Affiliate marketing is a marketing strategy which involves paying a commission to third parties who promote your services, resulting in a completed transaction, usually a sale, on your website. It offers a win-win-win relationship for all parties.

  • It’s a win for the customer because they learn about a service that can help them solve a problem from a trusted, authoritative source i.e. your affiliate partner.
  • It’s a win for the affiliate because they earn a commission.
  • It’s a win for you because you get customers and sales without necessarily putting in a lot of time or money on marketing programs.

Affiliate marketing should be an attractive option for ESL businesses and freelance operators for the simple reason that your affiliate partners can authentically promote your service in their own language. You don’t need to worry about all the complications of producing culturally suitable and accurately translated advertising for your target audience. Your affiliate partners will get ESL students for you. Best of all, it only needs to cost you money when you complete a sale!

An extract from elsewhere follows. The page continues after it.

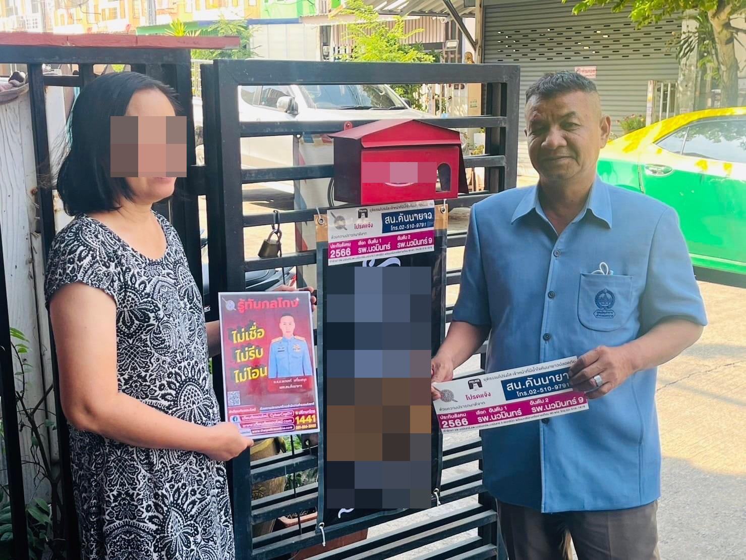 ว่าที่ พ.ต.ต.กัญจ์ แสงวงศ์ สวป.( ชส.) กล่าวว่า ตามคำสั่งการของ พ.ต.อ.นเรนทร์ เครื่องสนุก ผกก.สน.คันนายาว ที่เร่งให้ปราบปรามอาชญากรรมในทุกมิติเพื่อให้ประชาชนอยู่อย่างผาสุก ได้สั่งการให้เจ้าหน้าที่ฝ่ายปราบปรามชุดชุมชนสัมพันธ์ลงพื้นที่หมู่บ้านหรือชุมชนที่มีปัญหา ซึ่งวันนี้ได้ทำการลงพื้นที่ ชุมชนแดนทองวิลเลจ เนื่องจากมีชาวบ้านร้องทุกข์มาที่ สน.คันนายาว ดังข้างต้น ตนเองจึงนำทีมเจ้าหน้าที่ ตชส.สน.คันนายาว เข้าตรวจสอบพร้อมชี้แจงแนวทางแก้ไข ก่อนทำการประชาสัมพันธ์แจกสติ้กเกอร์แจ้งแหตุด่วน พร้อมฝากบอกชาวชุมชนว่าพบเหตุด่วนเหตุร้ายสามารถโทรศัพท์แจ้งมาได้ที่เบอร์ของ สน.คันนายาว เบอร์ 081-9304733 และ 02-5109791 ตลอด 24 ชม.

How Do Affiliate Programs Work?

To become an affiliate, your partner needs to have an affiliate account on your site which they can use to generate affiliate links. Alternatively you can just provide each affiliate with the links you want them to use. When they post those links on their blog, their social media, their YouTube channels etc, they are hoping that their site visitors or social media followers click through those links to your site. When somebody does that, it attaches a tracking cookie to their browser history. This lets your site track where your customers and clients came from i.e. which affiliate directed the paying customer to you.

Can I Recruit More Than One Affiliate?

Yes, absolutely. In fact, it is probably a good idea to recruit multiple affiliates to help with your marketing. Over time, you can track which ones are performing well and which ones aren’t. You can reward your affiliates with a “global” rate, offer a “tiered system” of higher commissions for higher performance or negotiate rates with each affiliate individually. If you find a social media influencer in your niche who has an active channel with a large audience, it might be worth offering them a “premium” commission rate to promote and grow your brand.

What Are Marketing “Creatives”?

“Creatives” refers to things like images, banners, your logo graphic, maybe links to your blog articles; essentially any resources that your affiliates might be able to use to promote more links to your site. For example if you create a downloadable PDF resource for your email squeeze page, you would want to let your affiliates know about which landing page they need to promote. Within a short space of time you can introduce visitor sign-ups to your brand via an automated newsletter sequence. Ulitmately, a percentage of them will become paying customers.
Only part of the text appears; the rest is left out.